Сент-Ив (Пер. Чистяковой-Вэр) - Страница 58


К оглавлению

58

— Ну, это еще посмотрим, — возразил я.

— Нечего смотреть, — проговорил Ромэн. — Все возражения неуместны. Дело ясно как день. Вы сумели поставить себя в такое непривлекательное положение, что вам можно надеяться только на одно: на отсрочку. Со временем, если обстоятельства переменятся, мы создадим вам нечто лучшее. Но теперь это немыслимо, теперь вас здесь ждет только виселица.

— Вы рассуждаете под влиянием фальшивого впечатления, мистер Ромэн, — сказал я. — Я сам не стремлюсь очутиться на скамье подсудимых и не менее вас желал бы отложить мое появление на ней. С другой стороны, мне совершенно не хочется уезжать из Англии, в которой я чувствую себя прекрасно. У меня хорошие манеры, язык мой всегда наготове, мое английское произношение правильно, и, благодаря дядиной щедрости, денег у меня достаточно. Будет унизительно, если при таких счастливых условиях мистер Сент-Ив не получит возможности спокойно жить в каком-нибудь укромном уголке, не обращая внимания на то, как власти станут забавляться розысками Шамдивера. Вы забываете, что эти два человека ничем не связаны.

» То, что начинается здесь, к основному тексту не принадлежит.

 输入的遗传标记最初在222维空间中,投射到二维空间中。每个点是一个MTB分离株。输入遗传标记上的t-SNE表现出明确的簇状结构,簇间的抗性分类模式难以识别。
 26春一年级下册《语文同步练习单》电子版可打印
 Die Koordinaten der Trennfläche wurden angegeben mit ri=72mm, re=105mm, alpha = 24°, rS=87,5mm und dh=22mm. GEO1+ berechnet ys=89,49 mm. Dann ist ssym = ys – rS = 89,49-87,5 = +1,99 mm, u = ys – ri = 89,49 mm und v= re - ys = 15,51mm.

— А вы забываете, — сказал Ромэн, — о вашем двоюродном брате! Виконт составляет связующее звено между Сент-Ивом и Шамдивером. Ален знает, что вы Шамдивер.

Ромэн поднял руку, точно желая прислушаться.

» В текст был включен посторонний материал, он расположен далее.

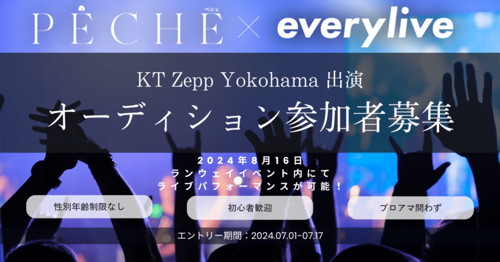 2024年8月16日に開催される「presented by everylive PECHE_party あなたと過ごす白昼夢 2024 SUMMER」の「everyliveステージ」にて、音楽パフォーマンスステージの出演をかけたオーディションを開催します。
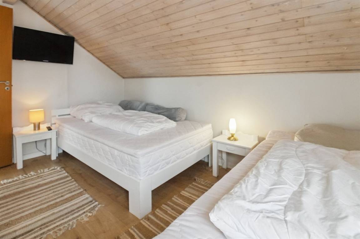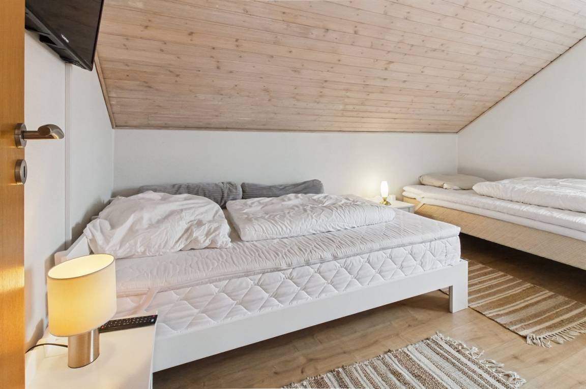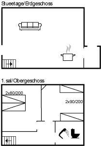 Badezimmer mit Dusche und Waschmaschine. Die Küche ist u.a. mit Herd mit Ceran-Feld, Warmluftofen und Geschirrspüler ausgerüstet. Das Wohnzimmer ist mit TV und Gemeinschaftsantenne samt Stereoanlage mit CD-Spieler ausgestattet. Ferner kostenlose, kabellose Internetverbindung vorhanden (Computer ist mitzubringen). Die Schlafplätze des Hauses verteilen sich auf 2 Zimmer im Obergeschoss; 1 Zimmer mit Doppelbett und 1 Zimmer mit 2 Einzelbetten. Fernheizung.
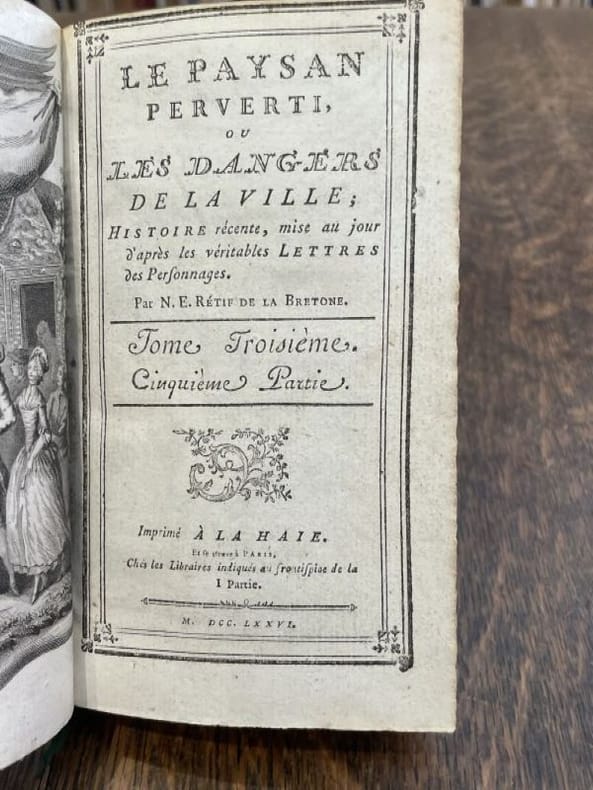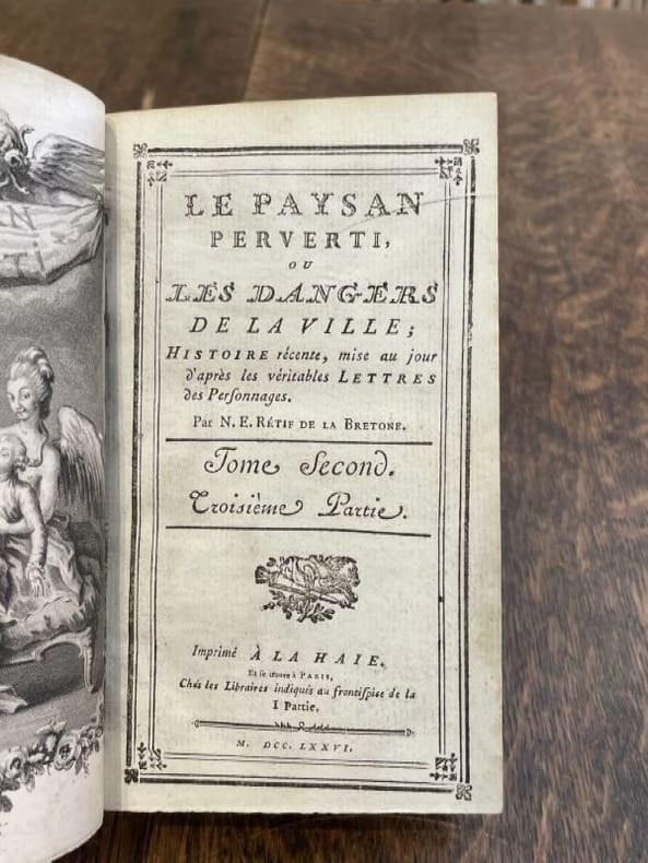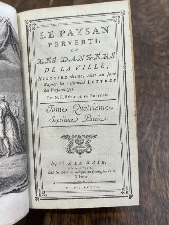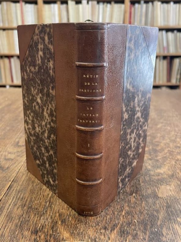 Imprimé à La Haie se trouve à Paris, chés Esprit 1776 [1782] 4 vol. relié 8 parties en 4 vol. in-12, demi-maroquin tabac à coins, dos à fins nerfs (Vailly rel.), VII + 304, 312, 304 et 293 pp. + (1 f.). Quatrième édition, et la première illustrée, donnée par l'auteur lui-même. Exemplaire bien complet des 82 figures par Binet (dont huit frontispices) gravées par Berthet et Le Roy, avec le livret de CLXVIII pp. relié à la fin du quatrième volume : Les Figures du Paysan perverti, recueil de notices pour toutes les gravures. Ce roman épistolaire, d'abord paru en 1775, fit le succès de Restif de la Bretonne qui signe son chef-d'oeuvre. D'inspiration autobiographique, l'ouvrage se distingue par ses descriptions réalistes (notamment l'urbanisation de Paris) et s'impose comme un roman précurseur du genre naturaliste.Bon exemplaire, un peu court de marges (16 x 9,5 cm) mais d'une grande fraîcheur, dans une bonne reliure en maroquin signée de Vailly, artisan qui exerça au Havre durant le dernier quart du XIXe siècle.

— Держу пари, что это он! — вскрикнул адвокат.

Из аллеи до нас донесся стук колес, похожий на звук, который раздается в то время, когда портной, перебросив через конторку кусок материи, рвет его. Очевидно, лошади бежали очень резво; экипаж быстро приближался. Мы с Романом смотрели между занавесями, как по легкому покатому подъему двигались фонари экипажа.

— Эх, — сказал адвокат, отодвигая полотнище занавески, чтобы лучше видеть. — Это он; по езде заметно. Этот человек сорит деньгами. Идиот, он готов осыпать золотом каждого встречного, ради удовольствия очутиться… Где? Где же, как не в долговом карцере, если не в уголовной тюрьме.

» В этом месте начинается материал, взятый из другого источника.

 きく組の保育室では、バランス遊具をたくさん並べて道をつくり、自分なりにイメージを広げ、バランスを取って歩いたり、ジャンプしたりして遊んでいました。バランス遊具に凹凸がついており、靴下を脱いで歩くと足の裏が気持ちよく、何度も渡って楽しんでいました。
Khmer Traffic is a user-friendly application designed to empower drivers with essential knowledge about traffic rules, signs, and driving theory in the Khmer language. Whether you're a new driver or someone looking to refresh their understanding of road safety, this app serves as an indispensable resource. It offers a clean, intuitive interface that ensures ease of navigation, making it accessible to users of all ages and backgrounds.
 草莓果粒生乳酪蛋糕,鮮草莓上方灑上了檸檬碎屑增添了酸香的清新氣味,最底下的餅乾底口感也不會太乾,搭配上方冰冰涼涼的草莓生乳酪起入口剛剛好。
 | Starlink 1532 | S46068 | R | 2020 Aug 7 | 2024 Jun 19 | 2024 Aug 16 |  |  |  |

— Он такого рода человек? — спросил я, впившись глазами в экипажные фонари, будто в них можно было прочесть тайну характера моего двоюродного брата.

— Вы увидите, что он человек опасный, — проговорил Ромэн. — Для вас эти фонари — маяки на подветренном берегу! Глядя на виконта, я всегда задумываюсь: каким грозным, сильным существом был он когда-то, каким представительным. И как близко мгновение, которое совершенно сломит его. Никто здесь не любит вашего двоюродного брата; мы все скорее ненавидим его; между тем при виде этого человека я испытываю странное чувство — не жалость (в мои лета ее не ощущают), скорее отвращение, что приходится разбить нечто крупное, большое, значительное; точно то же испытывал бы я, если бы дело шло о прекрасной фарфоровой вазе или громадной дорогой картине. Ну, вот и то, чего я ждал, — заметил Ромэн, когда показались фонари второй кареты. — Нельзя сомневаться — это он! Первый экипаж служил вестником, второй — следствием! Две кареты! Во второй — багаж, множество дорогих, роскошных вещей и один из его слуг. Он не может шагу ступить без лакея.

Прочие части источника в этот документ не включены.